If you average the prices out and ignore some of the higher priced textbooks, you could probably afford all of these for $51 + shipping.  Let me recommend, if you plan on buying a lot of textbooks, that you get an Amazon prime membership.  On some purchases at Amazon, that'll mean that you don't have to pay shipping and you can save a ton of money.  

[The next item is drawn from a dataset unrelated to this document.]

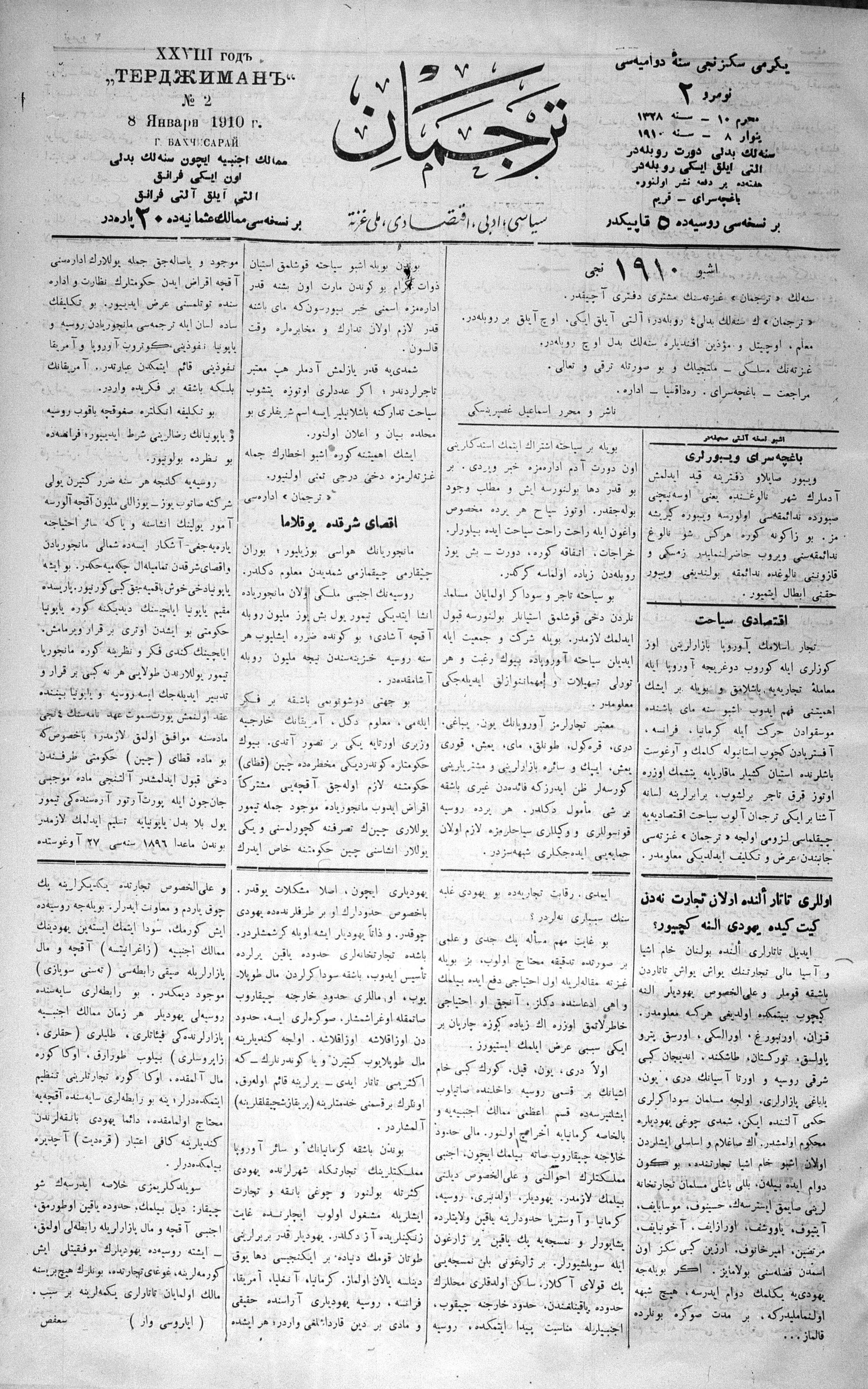 Tercüman, 08 January 1910 Year 28 No 2

Remember, homeschool families, that creating your high school course around a few of these textbooks (or using them as supplemental reading) will make the CLEP that much easier and also improve your grades in high school.  


Web Resources

These are some of the free web resources the College Board recommends that you use:

Carnegie Mellon University: Open Learning Initiative—Introductory Economics

Economics Department at SUNY Oswego: Online Economics Textbooks

You can also use iTunesU to study for the CLEP.  There are lots of free podcasts there, containing lectures or entire courses on Principles of Macroeconomics.  By the way, be sure to check out Liberty University's iTunesU Podcast on this very subject.  It might be just what you need.

You can create your own high school/CLEP study guide by integrating these study resources into your high school courses or you can study them independently.


Level 2:

An REA study guide, an InstantCert flashcard set, and a SpeedyPrep course are available for the Principles of Macroeconomics CLEP.  You can learn more about these resources on our Level 2 Study Resource pages below.  

REA has a book available for this test that I found used on Amazon for $16.50.  I recommend this book and its accompanying practice tests over every other textbook in this CLEP study guide.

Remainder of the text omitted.